You do not care whether they graduated from the same school as everyone else.

Protocols work similarly.

If an object behaves correctly, it can participate.

Inheritance becomes optional.


Dependency Inversion In Plain English

This phrase sounds complicated.

The idea is simple.

Bad:

class Car:

    def start(self):
        engine = GasEngine()
        engine.start()

The car is permanently tied to one engine.

You cannot easily replace it.

Better:

class Car:

    def __init__(self, engine):
        self.engine = engine

Now the dependency is provided from outside.

car = Car(ElectricMotor())

Or:

car = Car(HydrogenEngine())

The car depends on behavior.

Not implementation.

That is dependency inversion.


The Same Idea Appears Everywhere

This pattern is not limited to cars.

Databases

Bad:

class UserService:

    def get_user(self):
        postgres.query(...)

Now the service depends on PostgreSQL.

Changing databases becomes difficult.

Better:

class UserService:

    def __init__(self, repository):
        self.repository = repository

Now the service depends on behavior.

The repository can be:

PostgresRepository
MySQLRepository
MongoRepository
FakeRepository

The service stays the same.


Notifications

Bad:

class AlertService:

    def send(self):
        email.send(...)

Better:

class AlertService:

    def __init__(self, notifier):
        self.notifier = notifier

Now you can swap:

EmailNotifier
SlackNotifier
SMSNotifier

without touching the alert service.


Architecture Is About Change

Most architecture discussions are really discussions about change.

Ask:

What changes often?
What changes rarely?

Usually:

Changes often:

  • Databases
  • APIs
  • Cloud providers
  • Message queues
  • Payment systems

Changes slowly:

  • Business rules
  • Core workflows
  • Domain logic

Good architecture protects the stable parts.

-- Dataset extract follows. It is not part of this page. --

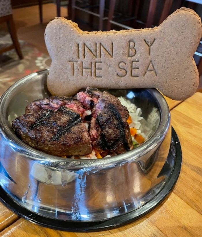 The pet-welcoming property not only provides dog beds, bowls, treats, and cleanup bags during your stay but they also have a custom chef-curated menu for them featuring specialties like a Molasses Biscuit; Meat “Roff” made with steamed rice, raw vegetables, and natural ground beef (our pup’s favorite); “The Bird Dog” with grilled chicken, steamed rice and raw veggies (both the chicken and beef entrees come with an Inn by the Sea inscribed biscuit); and K-9 ice cream, soymilk honey gelato topped with dog biscuit crumbles.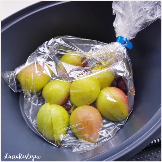 Hoy vamos a hacer en una bolsa de horno, una compota con pera, manzana y uvas pasas. Podemos hacerla con otras frutas que nos gusten, ciruelas...

Stable Core, Replaceable Edges

Think of a system like this:

Application Logic
        |
        v
     Contract
        |
        v
Implementation

Example:

Checkout Service
        |
        v
Payment Processor
        |
        v
Stripe

Later:

Checkout Service
        |
        v
Payment Processor
        |
        v
PayPal

Only the edge changed.

The core remained stable.

That is the goal.


Composition Over Inheritance

This advice appears everywhere because it solves real problems.

Inheritance models:

IS-A

Examples:

Dog IS-A Animal

Car IS-A Vehicle

Composition models:

HAS-A

Examples:

Car HAS-A Engine

Application HAS-A Database

Checkout Service HAS-A Payment Processor

As systems grow, “has-a” relationships tend to be more flexible than “is-a” relationships.

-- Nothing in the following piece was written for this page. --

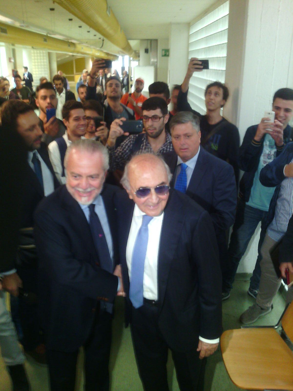 16.10 - De Laurentiis appare molto sereno, ha abbraccio Ferlaino e scattato alcune foto

When Inheritance Is Still Useful

Inheritance is not evil.

It is just overused.

Inheritance works well when:

  • The hierarchy is stable
  • The relationship is truly “is-a”
  • Shared behavior belongs in one place

Example:

from abc import ABC, abstractmethod

class BaseStorage(ABC):

    def connect(self):
        print("Connecting")

    @abstractmethod
    def save(self, data):
        pass

All storage implementations share connection logic.

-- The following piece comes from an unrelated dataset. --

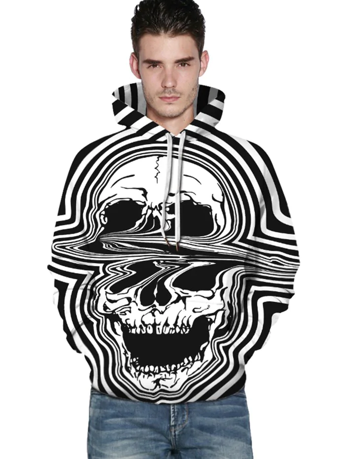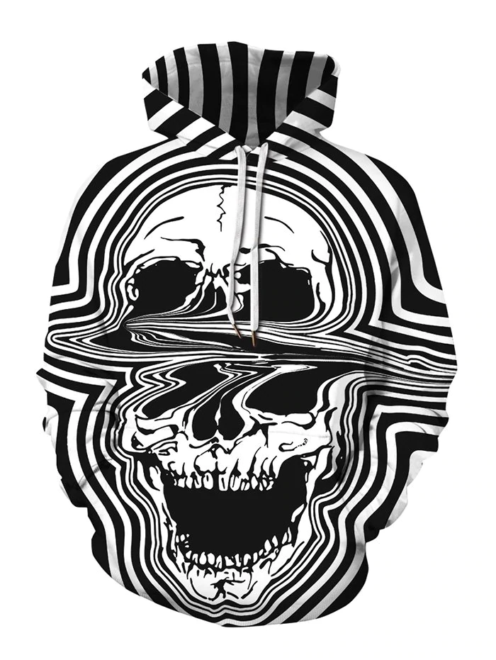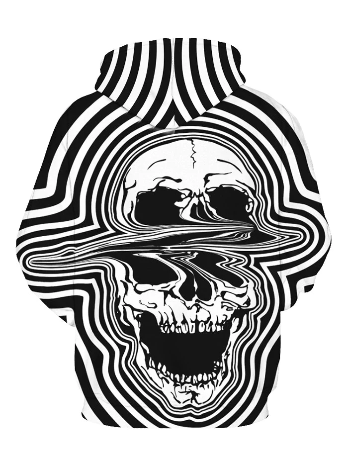 Distorted Skull Pattern Front Pocket Drawstring Hoodie

Inheritance makes sense here.

The key is moderation.


A Practical Rule

When designing a system, ask:

Am I modeling a type?

Or am I modeling a capability?

If you are modeling a capability:

Can send notifications
Can process payments
Can save data
Can start an engine

Behavior is usually more important than inheritance.


The Mental Model

Think of software as a collection of replaceable parts.

Just like a real car.

A car can swap:

  • Engine
  • Tires
  • Navigation system
  • Battery

without becoming a different car.

Good software should work the same way.

Instead of building giant inheritance trees:

Vehicle
 -> Car
    -> ElectricCar
       -> AutonomousElectricCar

build systems from behaviors and components.

Car
 |- Engine
 |- Navigation
 |- Autopilot
 `- Brakes

The result is easier to test.

Easier to change.

Easier to understand.

And much more likely to survive future requirements.